Propos discriminatoires et respect de la vie personnelle sur le lieu de travail, quelles limites ?

04/06/2024

Dans quelles conditions les propos tenus par un salarié peuvent-ils faire l’objet d’une procédure disciplinaire ?

Le salarié a droit, même au temps et au lieu de travail, au respect de l’intimité de sa vie privée. Il en résulte qu’un motif tiré de la vie personnelle du salarié ne peut pas justifier, en principe, un licenciement disciplinaire, sauf s’il constitue un manquement de l’intéressé à une obligation découlant de son contrat de travail. L’employeur ne peut pas, pour procéder à un licenciement disciplinaire, se fonder sur le contenu des messages envoyés depuis une messagerie professionnelle et ce malgré leur caractère raciste et xénophobe, dès lors que (Cass. soc. 6-3-2024 no 22-11.016 FS-B) :

  • « les messages litigieux s’inscrivaient dans le cadre d’échanges privés à l’intérieur d’un groupe de personnes, qui n’avaient pas vocation à devenir publics et n’avaient été connus par l’employeur que suite à une erreur d’envoi de l’un des destinataires ;
  •  la lettre de licenciement ne mentionnait pas que les opinions exprimées par la salariée dans ces courriels auraient eu une incidence sur son emploi ou dans ses relations avec les usagers ou les collègues, l’employeur ne versant aucun élément tendant à prouver que les écrits de l’intéressée auraient été connus en dehors du cadre privé et à l’extérieur de la caisse et que son image aurait été atteinte, de sorte que le moyen tiré du principe de neutralité découlant du principe de laïcité applicable aux agents qui participent à une mission de service public est inopérant ;
  •  si le règlement intérieur de la caisse interdisait aux salariés d’utiliser pour leur propre compte et sans autorisation préalable les équipements lui appartenant, y compris dans le domaine de l’informatique, un salarié pouvait toutefois utiliser sa messagerie professionnelle pour envoyer des messages privés dès lors qu’il n’en abusait pas et, qu’en l’espèce, l’envoi de 9 messages privés en l’espace de 11 mois ne peut pas être jugé comme excessif, indépendamment de leur contenu ».

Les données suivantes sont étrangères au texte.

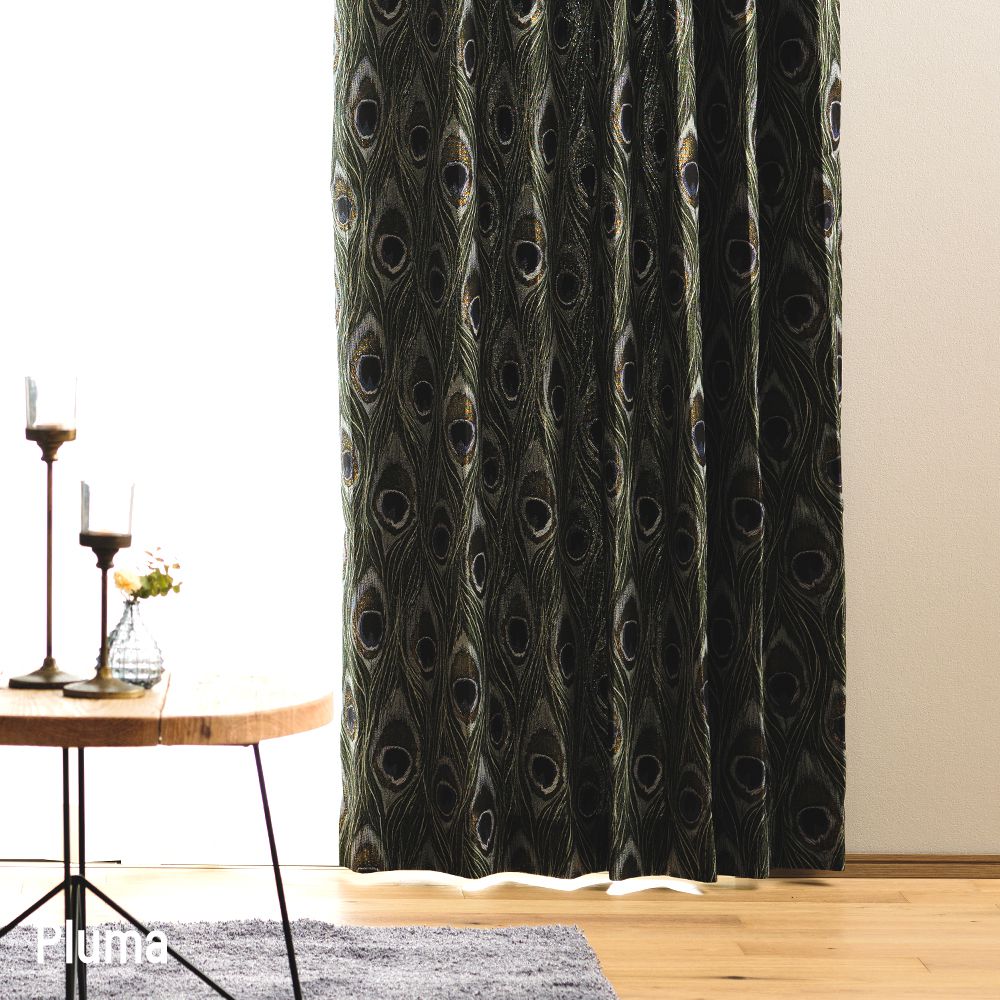 [11%OFF!12/1限定クーポン][既製サイズ]カーテン おしゃれ カーテン ドレープ 厚地 クジャク 孔雀 くじゃく 鳥 非遮光 おしゃれ 洗える ウォッシャブル UVカット YH846 プルーマ 幅90cm×丈135cm 丈178cm 丈200cm 2枚組 OKC4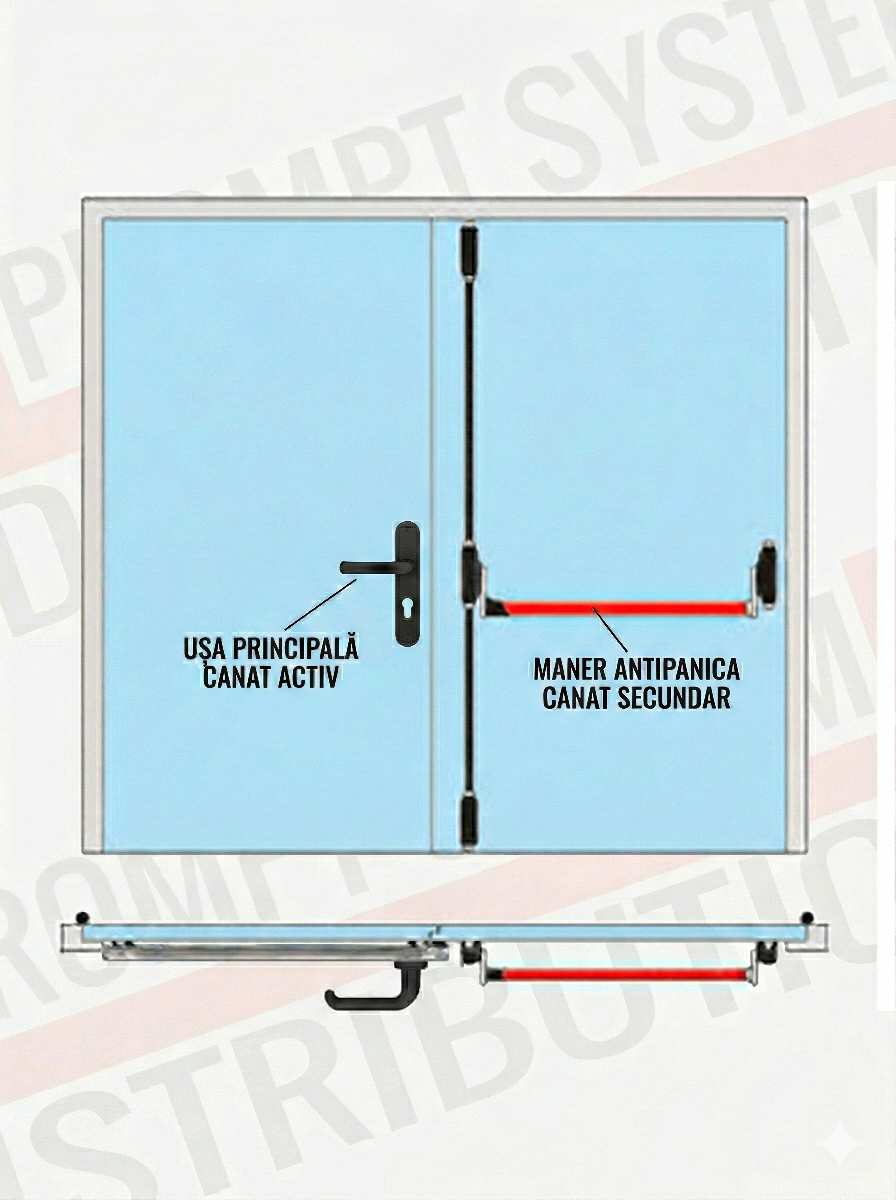 Kit Bară Antipanică CISA ALPHA – Set Complet pentru Canat Secundar (Ușă Aluminiu/Metalică)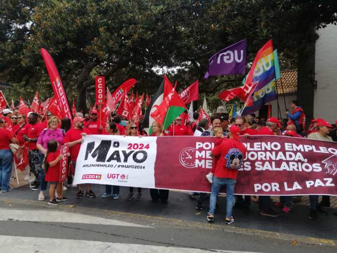 "Por el pleno empleo: menos jornada, mejores salarios" ha sido la consigna incluida en la pancarta que abría la marcha en la capital tinerfeña, en donde según fuentes de la Policía Nacional se han reunido unos 900 manifestantes que a los tradicionales estandartes sindicales han sumado enseñas con las siete estrellas verdes, la bandera palestina o la republicana.

Bien que répréhensibles, les propos discriminatoires ne sont pas toujours opposables, notamment lorsqu’ils émanent d’une conversation privée. En revanche, dans une affaire jugée récemment, des propos racistes tenus par une supérieure hiérarchique à l’occasion d’un repas de noël organisé par le CE de l’entreprise ont permis d’étoffer l’hypothèse d’un harcèlement moral discriminatoire et ce, malgré le contexte spécifique (repas festif, en dehors du temps de travail, conversation entre collègues…). Cet événement avait été dénoncé par la salariée concernée auprès de la direction. Elle avait également produit des échanges de courriels faisant état de la situation.  La salariée a saisi le conseil des prud’hommes pour faire requalifier son CDD en CDI et solliciter la résiliation judiciaire de celui-ci au motif que l’employeur aurait commis un manquement résultant harcèlement moral discriminatoire dont celle-ci aurait été victime de la part de sa supérieure hiérarchique.

En première instance, la Cour d’appel de Versailles n’a pas été dans le sens de la salariée, la Cour a retenu qu’il s’agissait d’un contexte particulier dans la mesure où le repas de noël avait été organisé par le CE (maintenant CSE) et non par l’employeur en dehors de l’entreprise et du temps de travail. Toutefois, portée devant la haute juridiction, l’arrêt d’appel a finalement été cassé. la Cour de cassation donne raison à la plaignante et énonce que « de tels propos relevaient de la vie professionnelle de la salariée et que la salariée présentait des élément laissant supposer une discrimination en raison de ses origines ».